The hospital has a total of 465 beds. The medical facility annually admits about 20,500 inpatients and more than 63,900 outpatients for diagnostics and treatment. The hospital provides comfortable conditions and modern infrastructure to meet the needs and wishes of patients. The medical team at the hospital prefers a multidisciplinary approach to medical care, which is particularly valuable in treating complex conditions such as cancer.

In 2009, the hospital was successfully certified by "High-Quality Management of Acute Pain Syndrome" TÜV Rheinland Group in gynecology, surgery, urology, otorhinolaryngology, and anesthesiology. In addition, the hospital became the first emergency medical facility for adults in Cologne to be KTQ® (Cooperation for Transparency and Quality in Healthcare) certified.

The specialists at the hospital always strive to provide each patient with high-quality medical care in a pleasant atmosphere. Doctors are open to dialog, gladly answer all questions that patients are interested in, and provide moral support throughout the therapeutic process.

Photo: (с) depositphotos

Accommodation in hospital

Patients rooms

The patients of the Hospital Cologne-Holweide live in comfortable single and double rooms designed in light colors. Each patient room has an ensuite bathroom with a shower and a toilet. The furnishings of a standard patient room include an automatically adjustable bed with an orthopedic mattress, a bedside table, a wardrobe for personal belongings, a table and chairs for receiving visitors, and a TV with international channels. Wi-Fi is also available in the patient rooms.
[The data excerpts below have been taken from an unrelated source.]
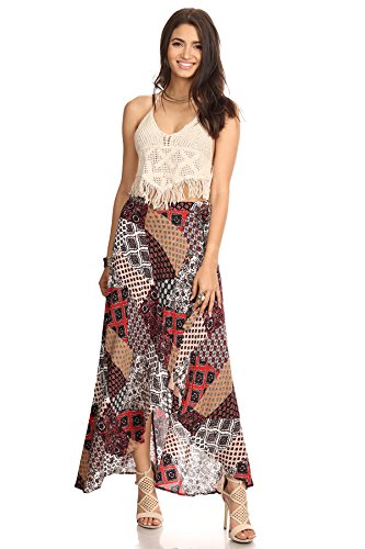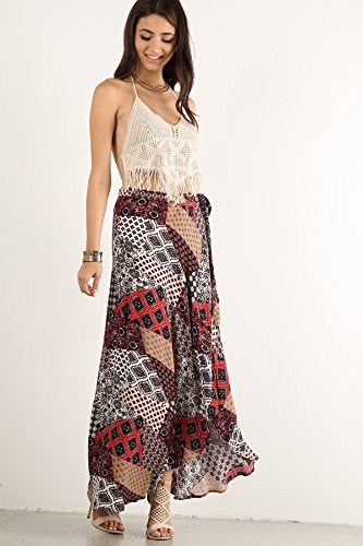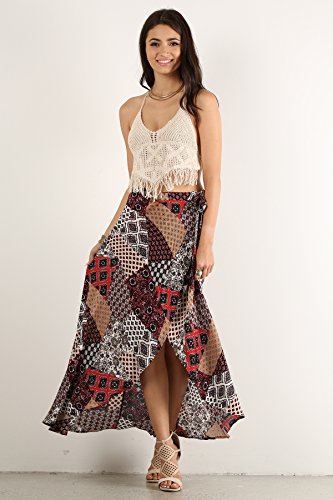 This artsy maxi wrap skirt features a high slit and a ribbon tie to make you feel like a princess with a bohemian flare. Take its irresistible impulse and dare to explore the world. DETAILS (Measured from Small): - Waist: 27" - Hip: 34" - Body Length: 25" - Color: Burgundy, Navy 0 |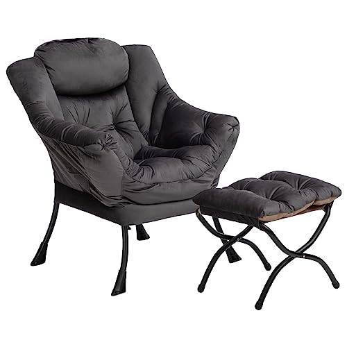 HollyHOME Fåtölj Med Fotpall - Relax Fåtölj För Vardagsrum Och Sovrum, Bekväm Läsfåtölj i Sammet, Accentstol Med Stålram - Mörkgrå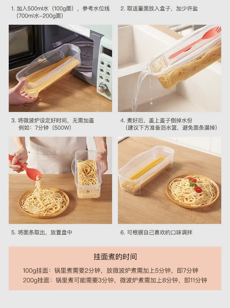 Well-Designed: With a lid and draining holes, and a fork-spoon, in addition to cooking pastas, it can also be used as a storage box.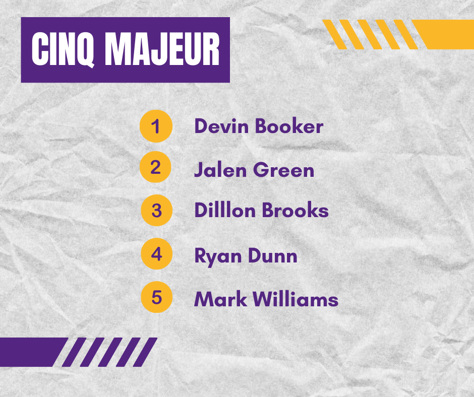 Sans surprise, Booker est maintenant franchise player après le départ de Kevin Durant. Le 5 sera aussi composé de Jalen Green, Dillon Brooks, et Mark Willliams, trois recrues qui viennent d’arrivée.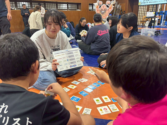 続いて行われた体験セッションでは、アンチドーピング教材として活用されている体験型カードゲーム「ドーピングガーディアン」(下記参照)を用い、体に取り入れるものへの意識の重要性を体験的に学んだ。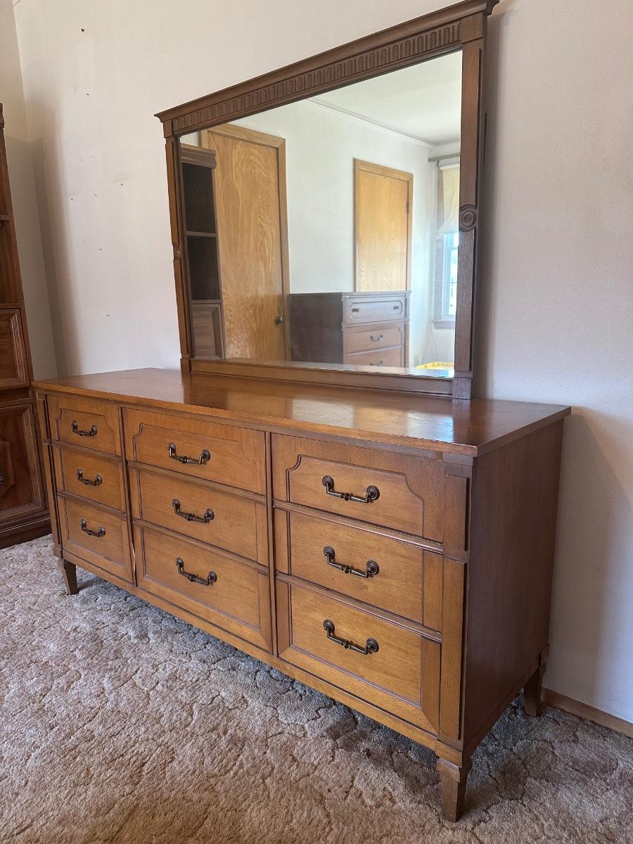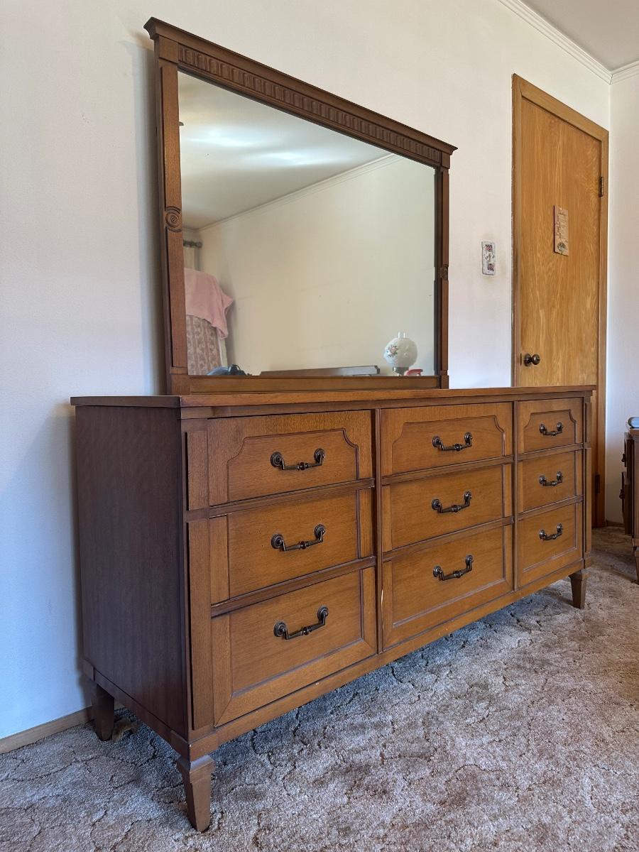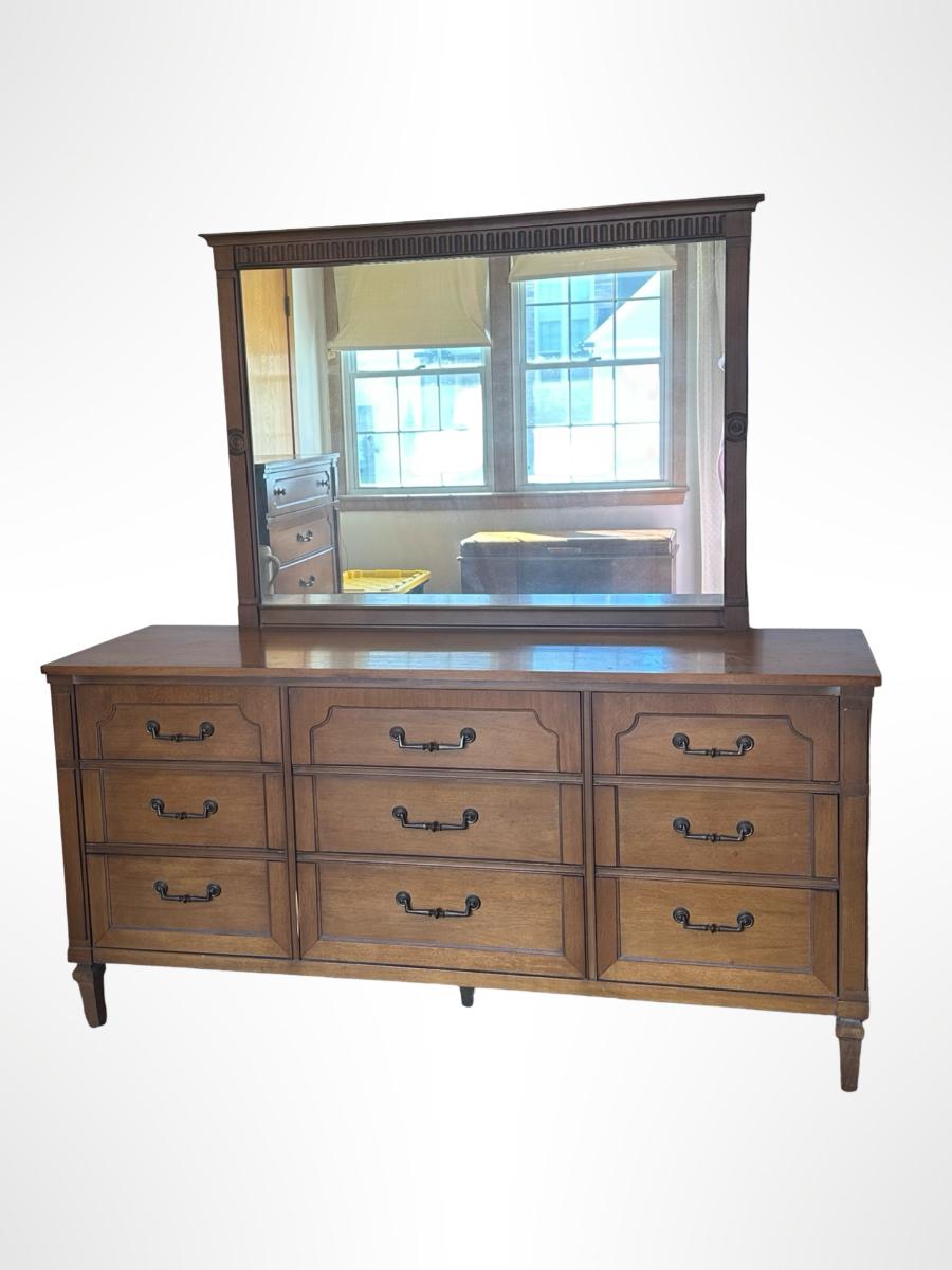 Vintage 9-Drawer Dresser with Attached Mirror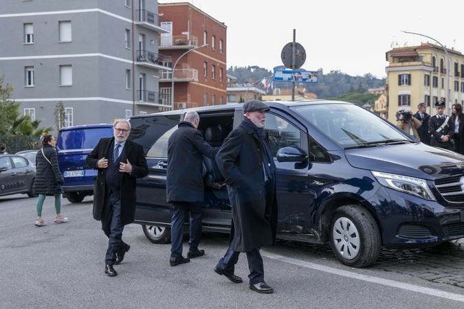funeral of Nicola Pietrangeli, pictured Marco and Filippo Pietrangeli . Rome, Ponte Milvio, Gran Madre di Dio Church, Dec 3rd 2025, Credit:/AGF / Avalon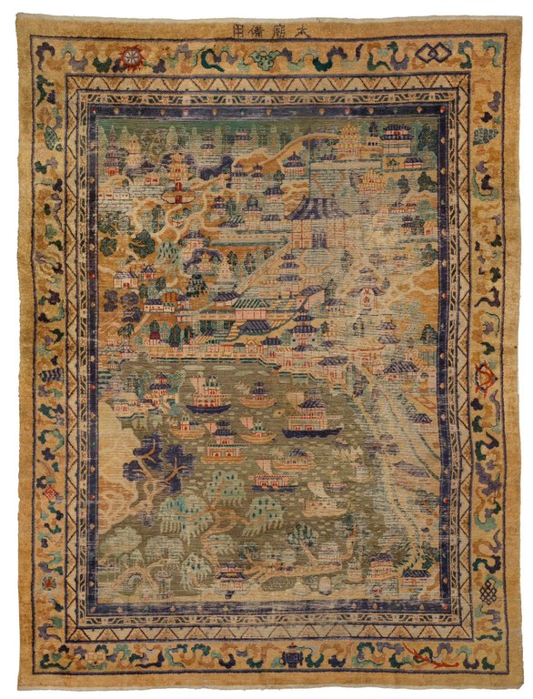 USD 10,000 – USD 15,000, The top of the rug is woven with a four-character inscription, tai miao bei yong (reserved for the use of the Ancestral Temple).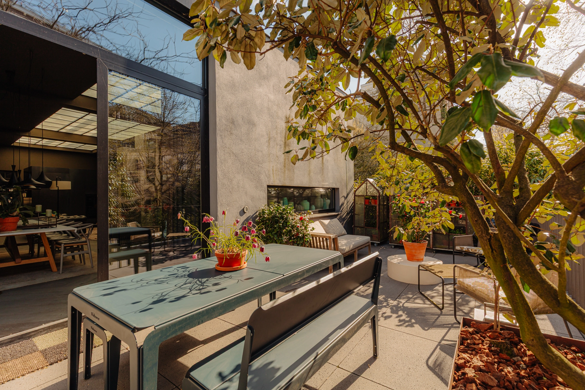 'Een grote glazen pui opent naar het terras, dat is ontworpen als verlengstuk van het dagelijks leven. '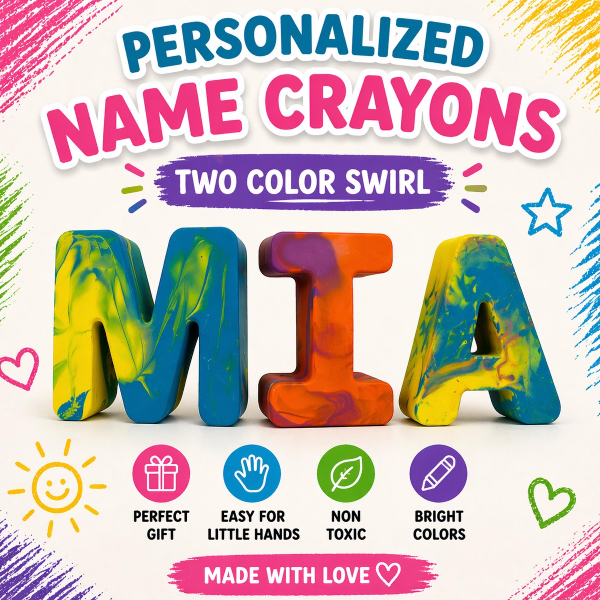 Make coloring extra special with custom name crayons designed just for your child. Each set is handmade and personalized with your child’s name, creating a fun and meaningful gift they’ll actually use and enjoy.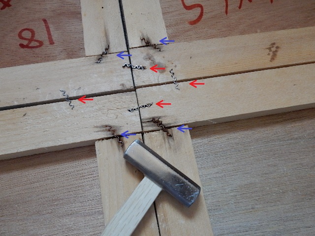 波釘のうち赤が今回の作業で打った分。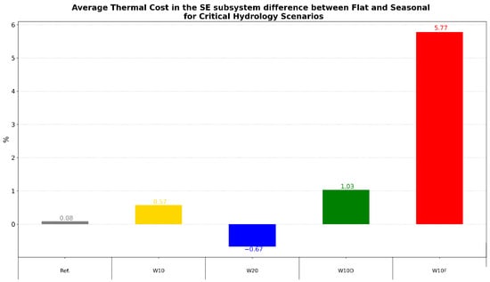 Percentage difference between flat and seasonal cases for average thermal cost in the southeast subsystem for scenarios with critical hydrology.

The patients can stay in enhanced-comfort rooms, if desired. Such rooms are more spacious and additionally equipped with a safe, a mini-fridge, and upholstered furniture.

Meals and Menus

The patients are offered three tasty and healthy meals a day: breakfast, lunch, and dinner. Breakfast and dinner are served as buffets, and for lunch, there is a set of three menus to choose from.

If, for some reason, you do not eat all the foods, you will be offered an individual menu. Please inform the medical staff about your dietary preferences prior to treatment.

Further details

Standard rooms include:

Toilet
Shower
Wi-Fi
TV

Religion

A worship service is held in the chapel at the hospital every Sunday. There is also a prayer room at the hospital where one can pray in private.

The services of representatives of other religions are available upon request.

Accompanying person

Your accompanying person may stay with you in your patient room or at the hotel of your choice during the inpatient program.

Hotel

You may stay at the hotel of your choice during the outpatient program. Our managers will support you for selecting the best option.